FILAGGRIN (FILAMENT AGGREGATING PROTEIN)

Filaggrin is a histidine-rich protein, whose precursor is profilaggrin, a heavily phosphorylated inactive polymer. Profilaggrin consists of 10-12 FLG polypeptide units, an N-terminal S100 domain that binds calcium, and an adjacent B domain. The conversion of profilaggrin to filaggrin occurs through the hydrolysis of peptide bonds by caspase-14, resulting in many active FLG monomers that subsequently undergo dephosphorylation [12, 13]. In the stratum corneum, filaggrin monomers are incorporated into the lipid envelope responsible for the skin barrier function. Filaggrin is further processed in the upper stratum corneum to release free amino acids, serving as natural moisturizing factors (NMF) [14]. As the water gradient decreases in the outer skin layers, filaggrin is hydrolysed, producing hygroscopic amino acids. These amino acids (arginine, glutamine, histidine) are located in the intercellular space and are crucial for NMF production, which maintains the stratum corneum’s moisture, pH, and produces urocanic acid and pyrrolidone-5-carboxylic acid (PCA) [13]. Trans-Urocanic acid, derived from histidine, absorbs ultraviolet radiation and protects against thymine dimer formation in keratinocytes. However, PCA together with trans-Urocanic acid helps maintain the skin’s pH gradient, as evidenced by the higher skin pH in carriers of loss-of-function (LOF) mutations in FLG [14].

The dysfunction of FLG plays a critical role in the pathogenesis of AD as it regulates the epidermal barrier, protects against pathogens, and binds keratin fibres in the stratum corneum. Filaggrin expression is disrupted mainly by the overactivity of IL-4 and IL-13, which inhibit its production and dysregulate the epidermal barrier. Filaggrin’s proper function also depends on environmental conditions, which can destabilize it, reduce protein expression in keratinocytes, and cause inflammatory changes [12, 15, 16]. Mutations in FLG are also involved in the development of allergic rhinitis and asthma. Its malfunction increases IgE levels and allergy risk [12].
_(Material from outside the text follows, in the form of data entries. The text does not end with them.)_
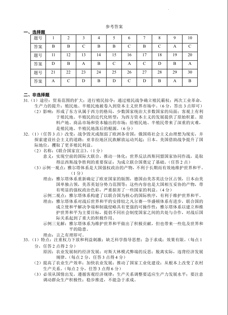 宁夏回族自治区银川一中2023-2024学年高一下学期期末考试 历史答案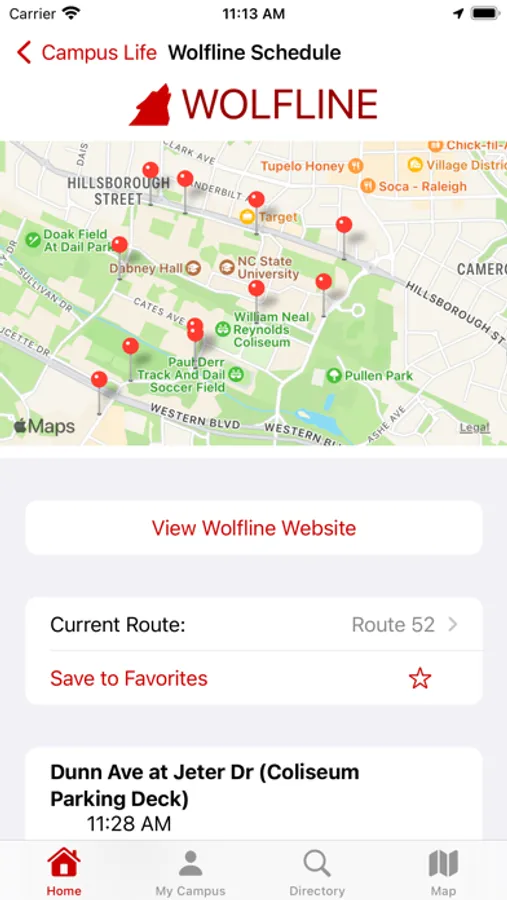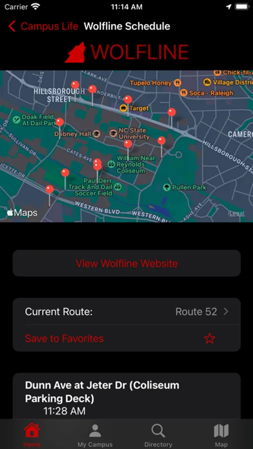 Be sure to get our Apple Watch app too! It features easy access to Wolfline routes, NC State Dining and WolfBytes radio. For your safety, it includes one-button access to call a Safety Escort or Campus Police. The app is also integrated with the WolfAlert notification system.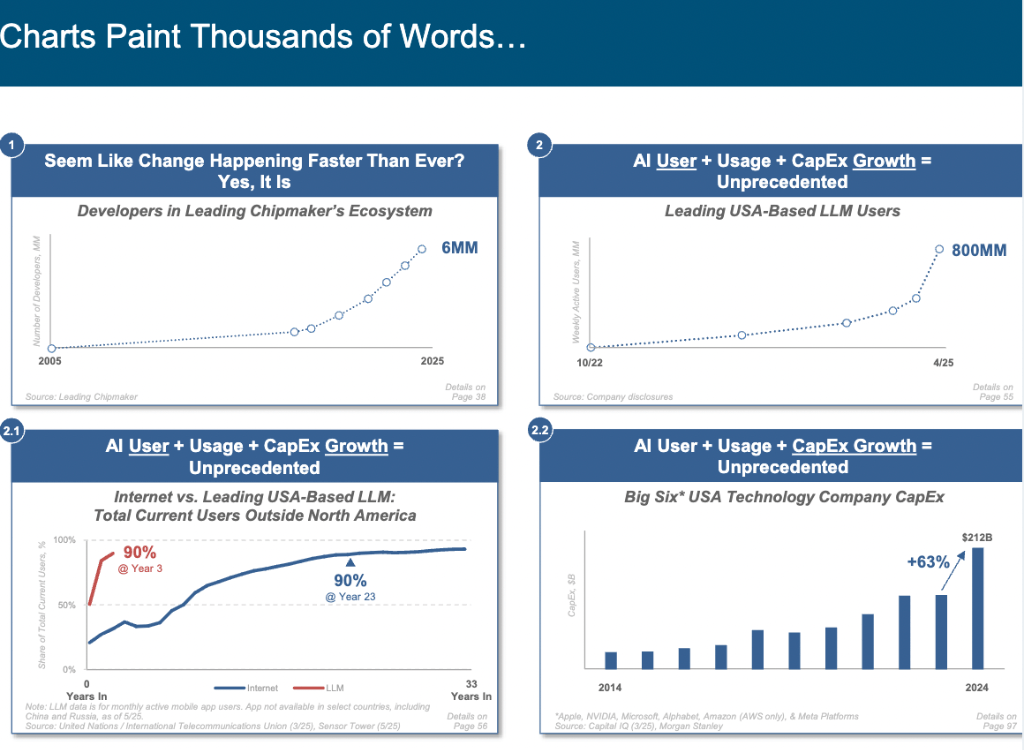 令整个行业为之震动。平台意义将被从头定义。用以描述AI的开辟、采用、投入和利用速度。激发全球普遍关心。其使用内利用时间两年内翻倍,她的AI演讲再次以犀利洞察和详实数据,ChatGPT曾正在 17 个月内狂揽8亿用户,为科技行业指明标的目的。AI海潮已势不成挡,现在,这些并非边缘项目,(互联网女皇发布沉磅发布——玛丽·米克尔《人工智能趋向演讲》)遭到普遍关心。

The profilaggrin gene is located in the epidermal differentiation complex (EDC) on chromosome 1q21 and consists of 3 exons and 2 introns. The translation start codon is in exon 2, while profilaggrin is encoded in exon 3. Exon 3 is large (12753 bp) and encodes most of the N-terminal domain and all filaggrin repeats [12, 14].

Mutations in the FLG gene may contribute to the exacerbation of AD, cause earlier onset of symptoms, and increase side effects associated with viral infections. Deletions in the FLG gene shorten profilaggrin and reduce its activity, increasing the likelihood of AD. In turn, loss-of-function mutations in exon 3 of filaggrin lead to the deprivation of profilaggrin’s C-terminus and, consequently, to the lack of its production. An insufficient amount of filaggrin leads to increased skin permeability to allergens and microbes, worsening AD symptoms and causing inflammatory changes. FLG gene mutations account for 30% of AD cases in the European population [12, 15, 16].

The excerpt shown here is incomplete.